The concept of cooperative solidarity is slowly emerging in dementia care, and the NCoB’s recent Dementia Report can be seen as a proof of this process. Its authors use the concept of solidarity in the field of bioethics, medicine and healthcare in a creative way, thus proving that it is still a powerful and inspiring idea that can operate as an engine of change. They define it briefly as the conviction that ‘we are all “fellow-travellers” and that we have duties to support and help each other and in particular those who cannot readily support themselves’.[29]
This definition can be completed by the one proposed in another NCoB report, dedicated this time entirely to the concept of solidarity. Solidarity, it asserts, means shared practices reflecting a collective commitment to bear the ‘costs’ (financial, social, emotional or otherwise) of assisting others, which follows from the recognition of sameness or similarity in at least one relevant respect.[30] This definition clearly shows that the authors of both reports think about solidarity in a cooperative way, as primarily a relation between symmetrical fellowship and collective commitment, following from some form of similarity or commonality (shared identity, common cause, common values) with the secondary obligation to bear the mutual costs. It is undeniably true that solidarity finds expression in emergency situations, when we have to help one another and prove the authenticity of our collective commitment to carry mutual burdens (‘solidarity in need is solidarity indeed’, as it has already been said). One such emergency is the challenging situation of dementia. However, even if people so affected are in a situation of dependence, vulnerability and the aforementioned asymmetry, the authors of the report rightly emphasize their cooperative potential, writing that ‘those receiving care and support should not be seen simply as people with particular rights or as victims of a disease or disability, but rather as citizens with both their own needs and a societal role’. It is clear that this kind of solidarity should not be provided out of pity or mercy towards dementia sufferers, but from recognition of their still valid social role and the reciprocal contribution they can make.

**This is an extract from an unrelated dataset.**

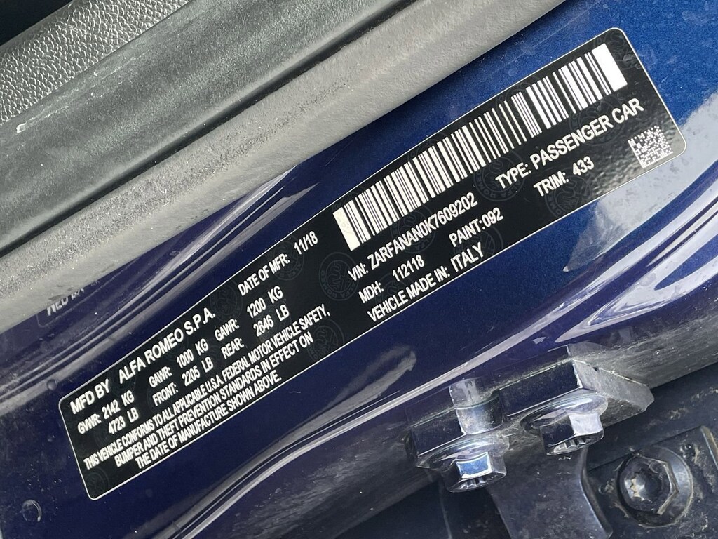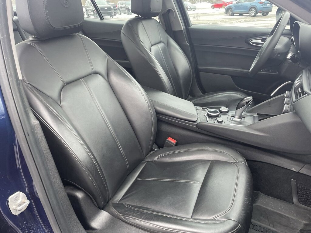 Our sleek, One Owner 2019 Alfa Romeo Giulia AWD Sedan with the Cold Weather and Driver Assist Packages takes advantage of iconic style and performance in Montecarlo Blue Metallic, and so can you! Motivated by a TurboCharged 2.0 Liter 4 Cylinder supplying 280hp paired to an 8 Speed Automatic transmission so you can dash to 60mph in a dramatic 5.1 seconds. This All Wheel Drive sedan also rewards you with responsive handling and a DNA Drive Mode system, plus it achieves nearly 31mpg on the highway. The premium design of our Giulia creates a bold presence with LED lighting, bi-xenon headlamps, quad exhaust tips, and alloy wheels with visible silver brake calipers.

The authors of the Dementia Report propose a different model of solidarity in healthcare than that provided under its traditional welfare-based understanding. Collective commitment to bear the costs is not exhausted by tax collection, through which administrative help and institutional benevolence are then financed. Although institutional help is indispensable (especially in the last stage of dementia), reducing the content of solidarity to a formal arrangement would deepen the feeling of helplessness felt by people touched by dementia, as well as their relatives. This would result in their further exclusion from ‘normal’ social life, which for a long part of dementia’s development could be avoided. The authors of the Dementia Report therefore propose a twofold model of cooperative solidarity, which corresponds to its general features, as described above. This model requires, firstly, the provision of a decent minimum of professional help for those who cannot readily help themselves, and then direct themselves for help to those who already do help in a spontaneous, benevolent and natural way, namely informal family carers. In this cooperative vision, it does not suffice for solidarity to establish institutions of formal care, but requires above all the building of channels of cooperation between the different care providers, including those who have become dependent and frail in their ‘normal’ social life as far as possible. The state, with its administrative powers, fulfils here only a subsidiary, cooperative role.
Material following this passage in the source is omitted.